[EXERCISE DIRECTIONS] Return the whole listing unchanged. Drop the images.

[PROVIDED DATA]
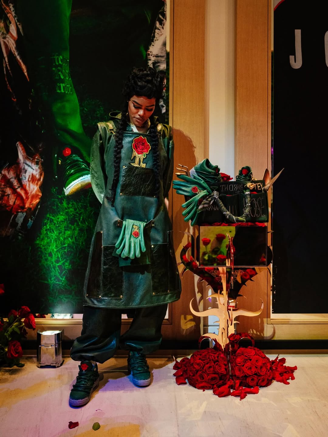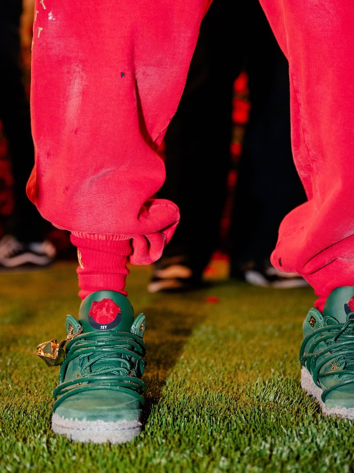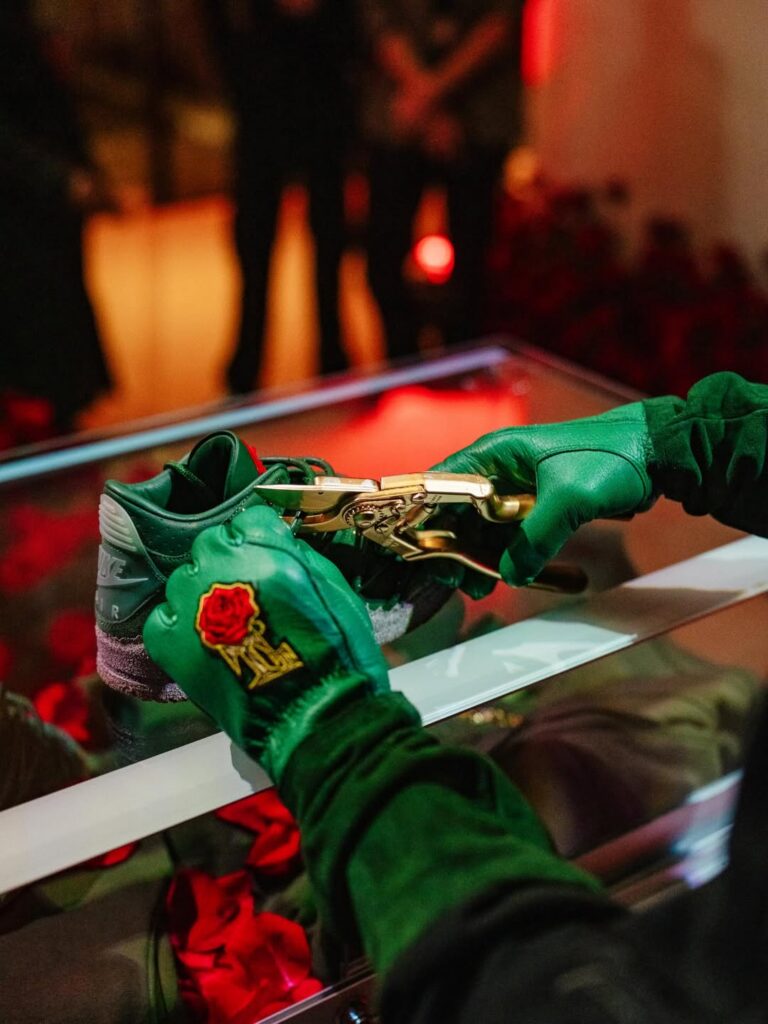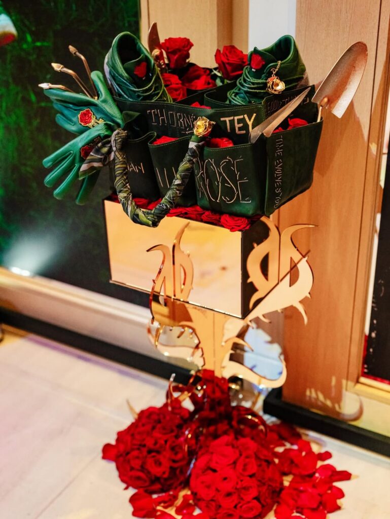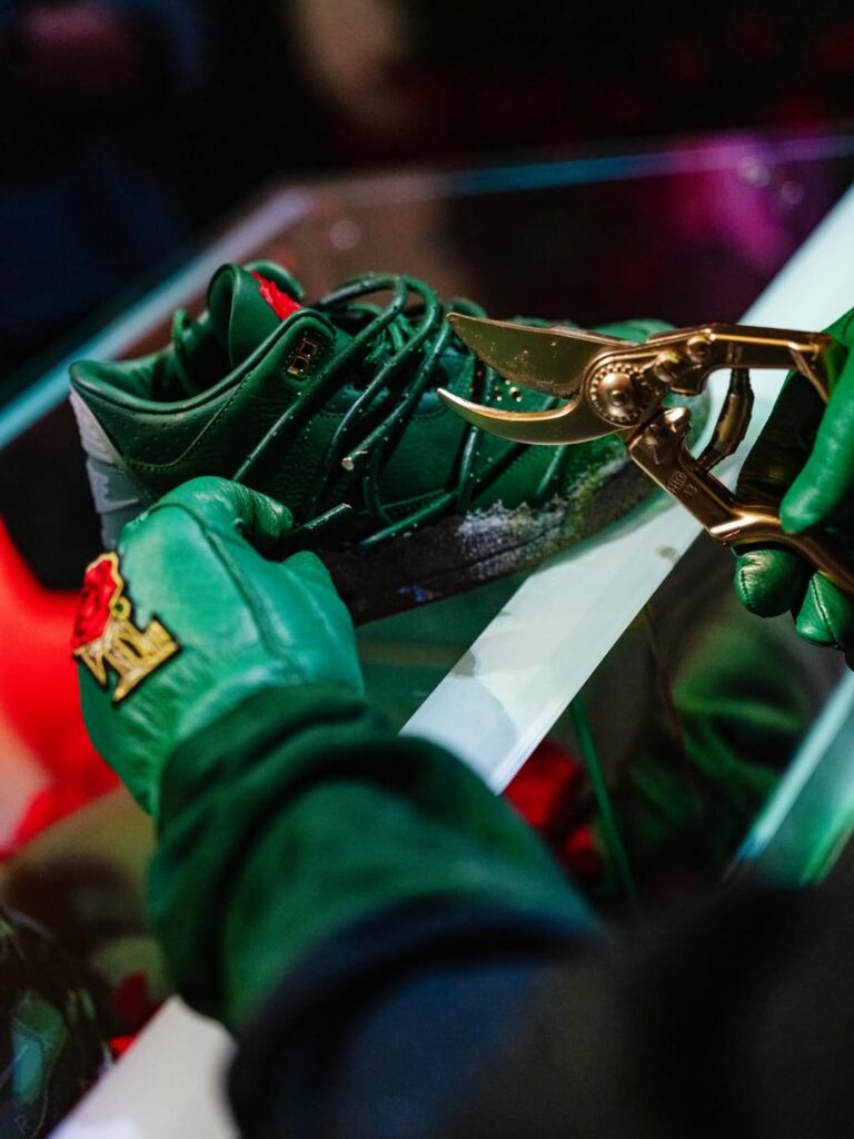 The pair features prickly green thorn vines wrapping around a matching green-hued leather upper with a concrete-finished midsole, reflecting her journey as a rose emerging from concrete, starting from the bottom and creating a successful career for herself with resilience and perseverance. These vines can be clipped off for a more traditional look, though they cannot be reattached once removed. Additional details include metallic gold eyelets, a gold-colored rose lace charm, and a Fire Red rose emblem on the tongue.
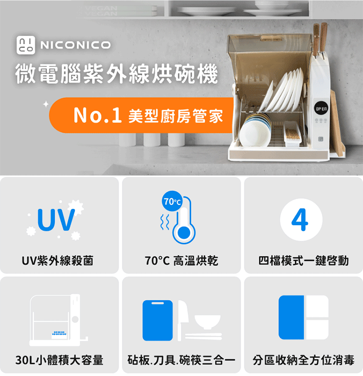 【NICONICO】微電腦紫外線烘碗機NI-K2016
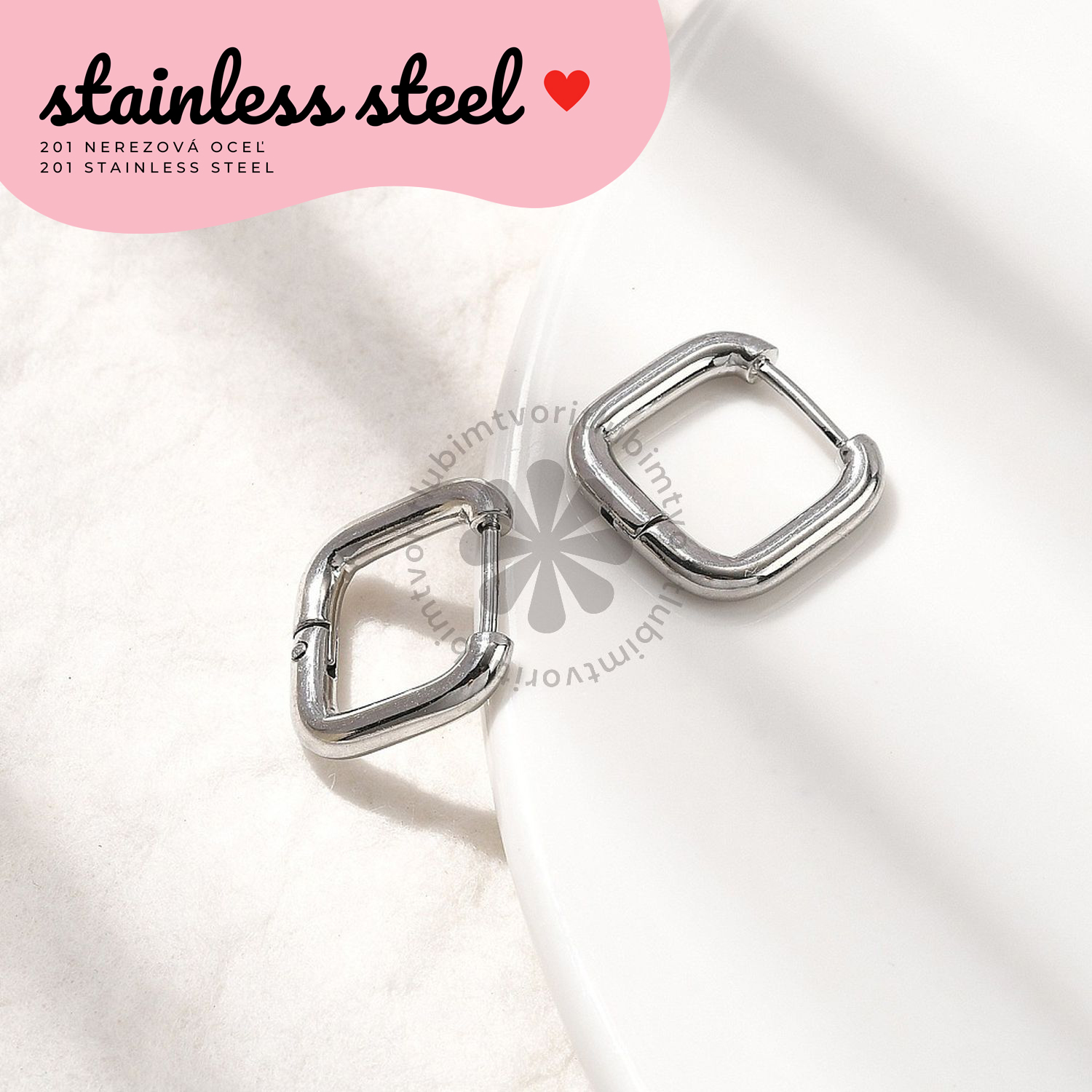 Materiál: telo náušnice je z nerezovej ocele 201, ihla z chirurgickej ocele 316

[COMPLETED EXERCISE]
 The pair features prickly green thorn vines wrapping around a matching green-hued leather upper with a concrete-finished midsole, reflecting her journey as a rose emerging from concrete, starting from the bottom and creating a successful career for herself with resilience and perseverance. These vines can be clipped off for a more traditional look, though they cannot be reattached once removed. Additional details include metallic gold eyelets, a gold-colored rose lace charm, and a Fire Red rose emblem on the tongue.
 【NICONICO】微電腦紫外線烘碗機NI-K2016
 Materiál: telo náušnice je z nerezovej ocele 201, ihla z chirurgickej ocele 316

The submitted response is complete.